Now, pay your attention to the $\mathrm{Fig.\space 1}$, which depicts the configuration described by OP and auxiliary points and segments introduced by us. $H$ and $O$ are the orthocenter and circumcenter of the triangle $ABC$ respectively. We assume that OP is aware of the fact that the center of the nine-point circle $E$ is the midpoint of the segment $HO$. We denote the radius of the circumcircle $ABC$ as $R$.
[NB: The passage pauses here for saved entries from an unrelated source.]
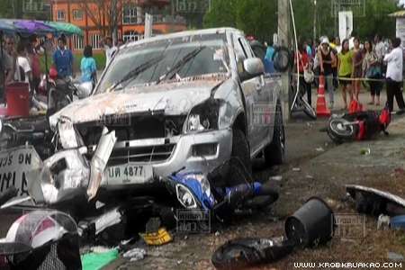 วันนี้ (28 พฤศจิกายน) ร.ต.ต.ศรศักดิ์ จันทร์ดี ร้อยเวร สภ.ตะกั่วทุ่ง จ.พังงา ได้รับแจ้งว่าเกิดอุบัติเหตุหน้าองค์การบริหารส่วนตำบลกะไหล อ.ตะกั่วทุ่ง ริมถนนเพชรเกษม สายตลาดโคกลอย-พังงา จึงได้เข้าไปตรวจสอบยังที่เกิดเหตุ พบว่า มีรถปิกอัพบรรทุกลูกกุ้งกุลาดำ ยี่ห้ออีซูซุ สีบรอนซ์ พุ่งชนขบวนรถบุปผชาติและรถนางนพมาศ ที่กำลังจะแห่รอบหมู่บ้านกะไหล ทำให้รถจักรยานยนต์และรถยนต์บริเวณใกล้เคียงได้รับความเสียหาย แล้วก็มีผู้ที่เข้ามาร่วมงาน ตำรวจ และสื่อมวลชน ได้รับบาดเจ็บหลายรายด้วย
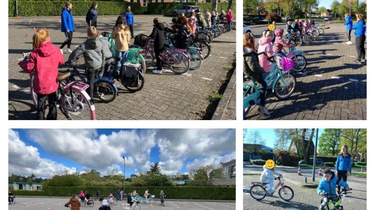 Groep 1-8 mocht hun fiets meenemen en kreeg op ons schoolplein/parkeerplaats voor onze school een leuke fietsles met allerlei opdrachten op een fietsparcours. i.s.m. Sport in Rheden
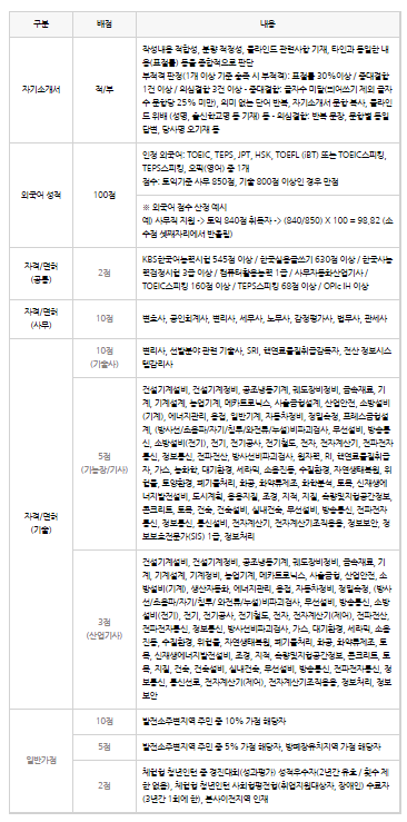※ 어학점수의 경우 최고 득점을 노리기 보다는 만점을 받을 수 있는 점수까지만 준비하시면 되고 기본 자격요건에 해당하는 어학점수를 영어스피킹으로 제출하는 경우 중복으로 인정이 됩니다. 그렇기 때문에 토익을 갖고 있는 지원자는 영어스피킹 점수를 추가로 준비해야 하지만 영어스피킹 점수를 갖고 있는 지원자는 한가지로 해결이 됩니다. (필기시험 가점 추가적용)
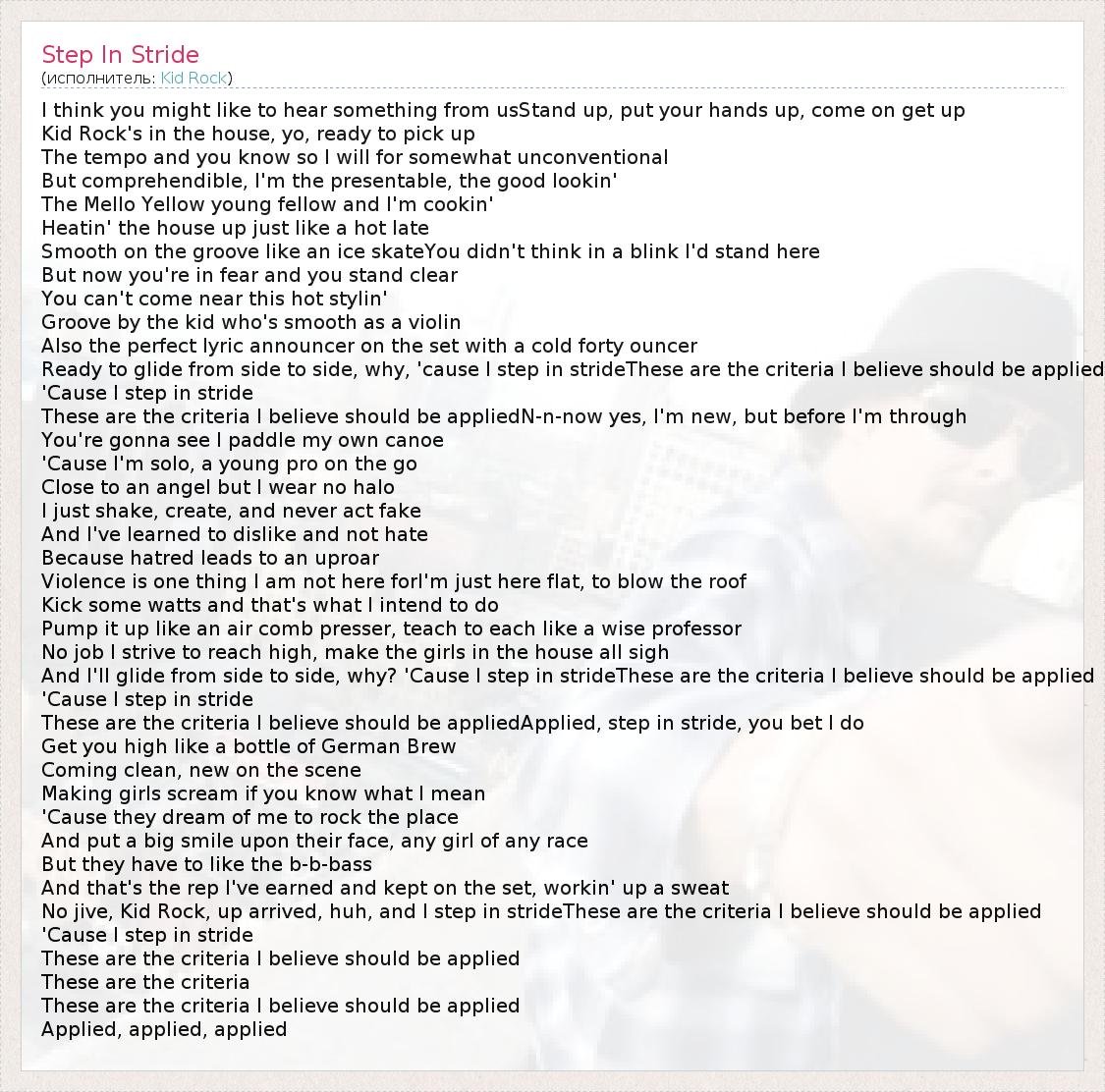 No jive, Kid Rock, up arrived, huh, and I step in strideThese are the criteria I believe should be applied

Consider the triangle $AOH$, where $AE$ is one of the medians. We can apply the inequality (4) to this triangle to obtain $2AE\le AO+AH$. Since $AO=R$, this becomes $2AE\le R+AH$. In a similar vein, we can state $2BE\le R+BH$ and $2CE\le R+CH$ by considering the triangles $BHO$ and $CHO$ respectively. When we add these three inequalities together, we have, $$2\left(AE+BE+CE\right)\le 3R+\left(AH+BH+CH\right). \tag{5}$$
Let us try to express the segment $AH_b$ as a function of $R$. Consider the isosceles triangle $ABO$. There, we have $AB=2R\sin\left(\hat{C}\right)$. Next, consider the right-angled triangle $ABH_b$. It is easy to see that $$AH_b =AB\cos\left(\hat{A}\right)= 2R\sin\left(\hat{C}\right) \cos\left(\hat{A}\right). \tag{6}$$
Finally, we consider the right-angled triangle $AHH_b$ to obtain $$AH_b =AH\sin\left(\hat{C}\right) \tag{7}.$$
Now, we have two expressions for $AH_b$, i.e. (6) and (7). From them, it follows, $$AH_b =2R\sin\left(\hat{C}\right) \cos\left(\hat{A}\right)= AH\sin\left(\hat{C}\right)\qquad\rightarrow\qquad AH=2R\cos\left(\hat{A}\right).$$
Similarly, we are able to express both $BH$ and $CH$ as $BH=2R\cos\left(\hat{B}\right)$ and $CH=2R\cos\left(\hat{C}\right)$ respectively. When we substitute these values in (5), we get, $$2\left(AE+BE+CE\right)\le 3R+2R\left(\cos\left(\hat{A}\right)+\cos\left(\hat{B}\right)+\cos\left(\hat{C}\right)\right). \tag{8}$$
It is up to OP to prove using trgonometry, for a given triangle, $$ \cos\left(\hat{A}\right)+\cos\left(\hat{B}\right)+\cos\left(\hat{C}\right)\le \frac{3}{2}.$$
Once OP has done that, he/she can insert it in (8) to get the sought inequality, i.e. $$AE+BE+CE\le 3R, $$ where equality holds if and only if $\triangle ABC$ is an equilateral triangle, This is because, in an equilateral triangle, the two centers in question coincide.